É bem verdade que muita coisa mudou, algumas para melhor, mas outras para bem pior do que estava naquela época, a exemplo do respeito aos professores e aos mais velhos, como também era ponto de honra a obediência aos pais. Drogas não existiam. Hoje está por toda parte, viciando e matando nossos jovens.
Nas lojas (denominadas vendas) lá do interior, nos vilarejos, as compras eram anotadas em cadernetas e na data certa o pagamento era sagrado. Havia confiança, pois a palavra era dada com responsabilidade. O mesmo procedimento nas cidades, principalmente nas padarias, casas de ferragens e farmácias. Hoje em dia isso é coisa do passado. Os pagamentos são com cheques, mas antes se consulta se o cheque está bom, se tem procedência ou com cartão de crédito. Desconfia-se até da própria sombra. A confiança, a palavra e a assinatura foram pro espaço para muita gente. Em quase tudo existe esperteza, levar vantagem como se isso fosse normal, fato que outrora nem em sonho.
Naquela época era bem mais difícil, a começar que a maioria dos brasileiros morava no campo. As casas geralmente eram de  madeira na região sul do país. Produziam praticamente de tudo. Fome ninguém passava, apesar da rusticidade do campo. O serviço começava ao clarear do dia, quando havia a ordenha das vacas e o preparo dos alimentos e devido trato aos demais animais e somente depois dessas tarefas cumpridas é que tomavam café com leite, pão caseiro, manteiga, geléias, salame, algum tipo de defumado e queijos. Isso, na verdade, acontecia nos estados sulinos. Cada região tinha as suas próprias características. Refeição reforçada, pois a jornada era pesada e partia-se para a roça para os diversos afazeres. As crianças iam normalmente a pé para a escola e somente retornavam ao meio dia, quando almoçavam. Feijão, arroz, macarrão caseiro e carne assada no forno do fogão à lenha, acompanhado de uma salada verde. Era tido como normal, duas vezes na semana, polenta feita em panela de ferro e servida com frango frito ao molho. Uma delícia de dar água na boca. Em muitas dessas residências do interior não podia faltar vinho tinto às refeições. De modo geral comia-se bem naquela época, apesar das dificuldades em produzir os alimentos, de modo que nos dias atuais muitas pessoas passam fome nas cidades, vivendo em favelas ou nas calçadas, debaixo de pontes e viadutos. Um triste contraste, cuja qualidade de vida deixa tudo a desejar. Não se valoriza  o “ser”, mas o “ter” e as dificuldades se multiplicam.

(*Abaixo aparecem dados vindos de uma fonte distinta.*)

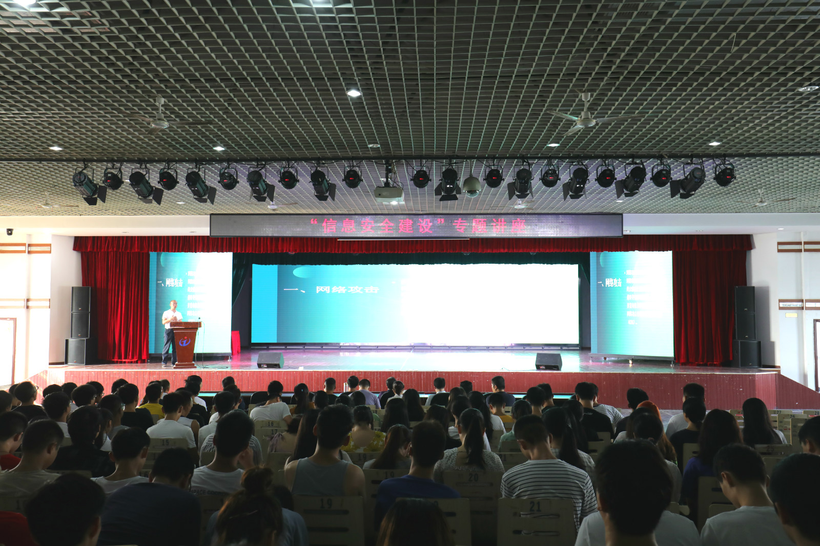 为深入宣传贯彻习近平总书记关于网络强国的重要思想,全力做好新中国成立70 周年大庆网络安全保卫工作,根据《关于开展2019年国家网络安全宣传周活动的通知》(湘网办发〔2019〕9号)精神,紧扣“网络安全为人民,网络安全靠人民”的主题,做好我校网络安全宣传周活动,9月11日下午现代教育信息中心与网络空间安全学院在多功能报告厅举办了“信息安全技术”专题讲座,讲座由原国防科技大学计算机学院副教授、现长沙市信息协会会长、国家网信办咨询专家尹俊文教授主讲。学院党委书记赵兴舟和副院长高鸿出席会议,现代教育中心全体人员及网络安全学院部分专任教师、辅导员和2018级部分学生参加。

Era comum uma prece antes de cada refeição, mas hoje em dia, principalmente nas cidades, esse procedimento caiu em desuso em face da falta de tempo para quase tudo. Nas cidades, principalmente nas médias e grandes metrópoles, não existe o tradicional almoço em família. Come-se em restaurante ou na rua qualquer coisa, pois os compromissos são tantos que se não proceder assim o mundo desaba em sua cabeça. Tempos modernos, tempos cada vez mais apertados, até no bolso do trabalhador, isso quando tem algum tipo de trabalho.

(*) ORLANDO SABKA é morador em Rondonópolis – E-mail: [email protected]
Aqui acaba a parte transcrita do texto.